> **WHAT TO PRODUCE**
Every line below should be copied exactly; drop the pictures.

> **GIVEN MATERIAL**
------------------------------
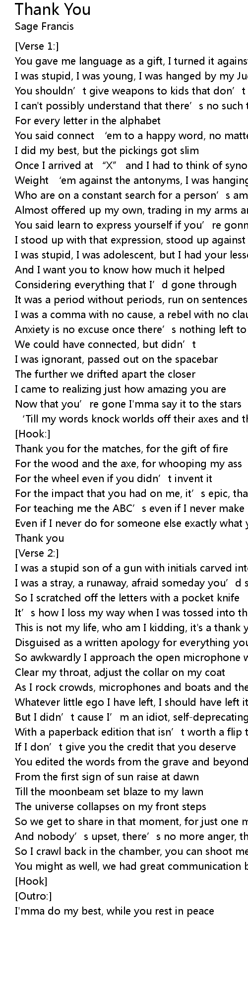 | I was stupid, I was adolescent, but I had your lessons to cling on to | |
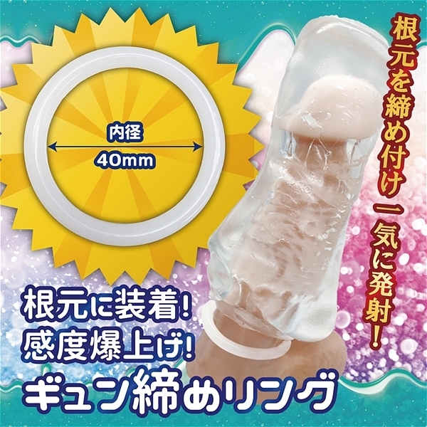 とろけるゼリーのようなホールと、ギュッと締めるリングの快感満点セット!とろけるやわもちホールと感度爆上げのギュン締めリング、さらにたっぷり楽しめるローションが付属。●吸いつきせまリング
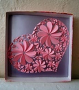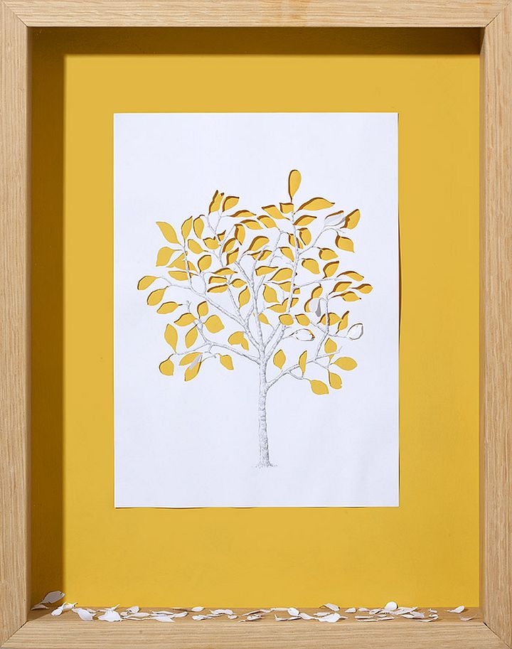 Вклеиваем цветочный круг в рамку с фоном с помощью двустороннего скотча на вспененной основе, затем на круг приклеиваем дерево — тоже на вспененный скотч для придания нашей картине объемного эффекта.
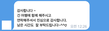 상세한 여행준비를 위해 구글 참가신청서를 작성해주셔야 합니다. 구글독스 참가신청서를 작성하지 않으면 정상적으로 예약이 접수되지 않습니다. 클릭하면 바로 구글 참가신청서로 연결됩니다.
------------------------------
> **THE ANSWER**
 | I was stupid, I was adolescent, but I had your lessons to cling on to | |
 とろけるゼリーのようなホールと、ギュッと締めるリングの快感満点セット!とろけるやわもちホールと感度爆上げのギュン締めリング、さらにたっぷり楽しめるローションが付属。●吸いつきせまリング
 Вклеиваем цветочный круг в рамку с фоном с помощью двустороннего скотча на вспененной основе, затем на круг приклеиваем дерево — тоже на вспененный скотч для придания нашей картине объемного эффекта.
 상세한 여행준비를 위해 구글 참가신청서를 작성해주셔야 합니다. 구글독스 참가신청서를 작성하지 않으면 정상적으로 예약이 접수되지 않습니다. 클릭하면 바로 구글 참가신청서로 연결됩니다.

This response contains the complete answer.